Auto-Encoding Variatonal Bayes (@ ICLR 2014)

Diederik P Kingma, Max Welling

Link

This is the paper that introduced the now classical Variational Auto-Encoder. Not all points of the derivations are clear to me at this point, but the main idea is easy to understand. The goal is to train a generative model from an unlabeled dataset (e.g. of images of faces). On the surface, auto-encoders could be used for that: we train an encoder $\phi(x)$ and a decoder that reconstructs $x$ from $\phi(x)$. Now if we sample a random vector in $\phi$ space, and use the decoder, we should get an image. Unfortunately, we do not know what distribution to sample from, and these representation spaces do not necessarily behave uniformly. So the idea of the Auto-Encoding Variational Bayes is to force a certain distribution in the representations (e.g. standard Gaussian). So what $\phi(x)$ gives is the parameters (mean and variances) of the gaussians that $x$ was sampled from. Given those, we now sample a vector using those parameters, and use the decoder to reconstruct the input.

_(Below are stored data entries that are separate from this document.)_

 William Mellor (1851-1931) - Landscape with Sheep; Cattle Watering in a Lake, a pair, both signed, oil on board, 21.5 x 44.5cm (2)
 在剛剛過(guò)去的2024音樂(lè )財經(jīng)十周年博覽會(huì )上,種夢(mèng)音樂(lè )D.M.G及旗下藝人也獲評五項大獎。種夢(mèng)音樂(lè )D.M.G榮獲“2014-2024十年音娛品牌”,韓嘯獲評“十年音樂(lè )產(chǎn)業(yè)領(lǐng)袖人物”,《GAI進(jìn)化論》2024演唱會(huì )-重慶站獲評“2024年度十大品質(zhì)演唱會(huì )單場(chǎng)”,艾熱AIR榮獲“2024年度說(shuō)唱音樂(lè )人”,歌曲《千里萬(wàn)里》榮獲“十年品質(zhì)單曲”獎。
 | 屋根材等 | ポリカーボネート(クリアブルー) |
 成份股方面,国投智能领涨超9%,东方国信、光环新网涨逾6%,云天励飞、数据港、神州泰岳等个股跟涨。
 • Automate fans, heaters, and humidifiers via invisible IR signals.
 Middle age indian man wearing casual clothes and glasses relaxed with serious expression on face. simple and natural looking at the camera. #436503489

That almost works, except that the sampling step is discrete, and we can't backpropagate through it. Here comes the famous reparameterization trick. Instead of using $\phi(x)$ directly as the parameters to sample from, we just notice that a gaussian with mean $\mu$ and variance $\sigma^2$ can be reparameterized as a standard gaussian plus $\mu$ times $\sigma$. So now we can sample from a standard gaussian, and then given $\phi(x)$, we multiply it by $\sigma$ and add $\mu$ to obtain the input to the decoder. Now we can backpropagate and train the model end-to-end.

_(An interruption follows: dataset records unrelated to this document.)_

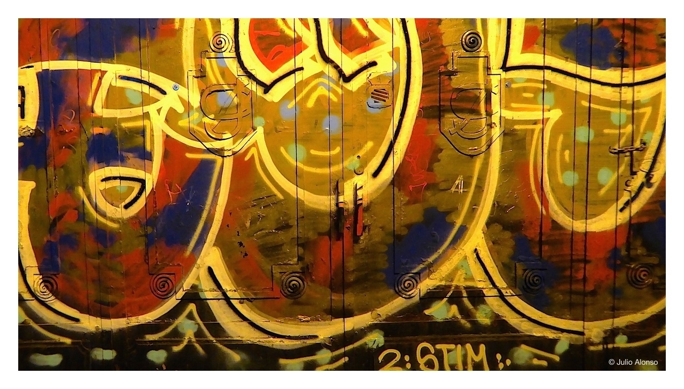 No nos referimos al desagradable garabato que mancha y deteriora una pared o un portalón, acciones que debieran ser perseguidas y castigadas de modo ejemplarizante, sino a las obras de arte elaboradas con un talento que en la mayoría de las ocasiones queda en el anonimato o, como mucho, en el círculo más próximo. Algunas de esas obras resultan efímeras porque el soporte tiene las horas, los días o quizá las semanas, contadas, como este portalón del antiguo —y ya histórico— colegio de Cluny, en la calle Gran Vía de Vigo, que ahora queda inmortalizado en esta fotografía cuyo mérito es, fundamentalmente, y justo es reconocerlo, del autor del grafiti.
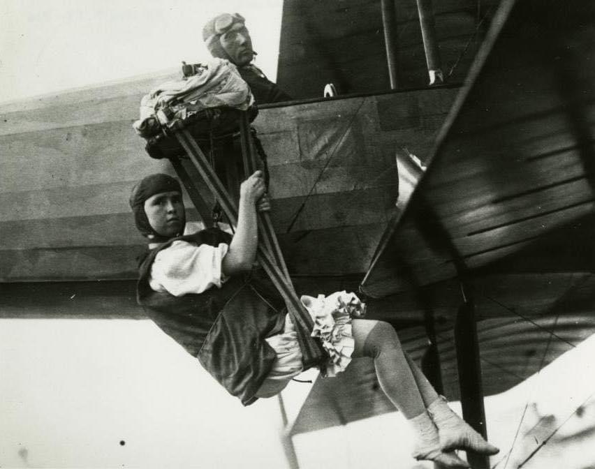 Image: Georgia “Tiny” Broadwick preparing to make another parachute jump in August 1913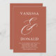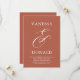 Casamento moderno salve o cartão de data apresentando um layout simples e mínimo com seus nomes e um computador elegante em um formato grande acima dos detalhes do evento. O tema de cores é terracotta e pode ser alterado na ferramenta de edição de design.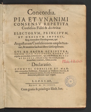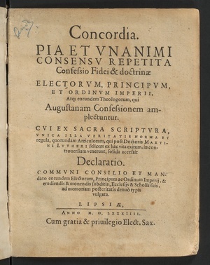 Concordia. PIA ET VNANIMI CONSENSV REPETITA Confessio Fidei & doctrinae ELECTORVM, PRINCIPVM, ET ORDINVM IMPERII. Atq[ue] eorundem Theologorum, qui Augustanam Confessionem amplectuntur, & nomina sua huic libro subscripserunt. ... quorundam Articulorum, qui ... in controuersiam venerunt, solida accessit Declaratio ...

Qualitatively, in the faces dataset, they find features in the representation that correspond to several interpretable concepts, like the left-right orientation of the face, and how much is it smiling. The main problem with VAEs is that it's been harder to produce high-quality outputs with thems. It seems GANs had way more success on that end, though one could argue they're less statistically principled than VAEs.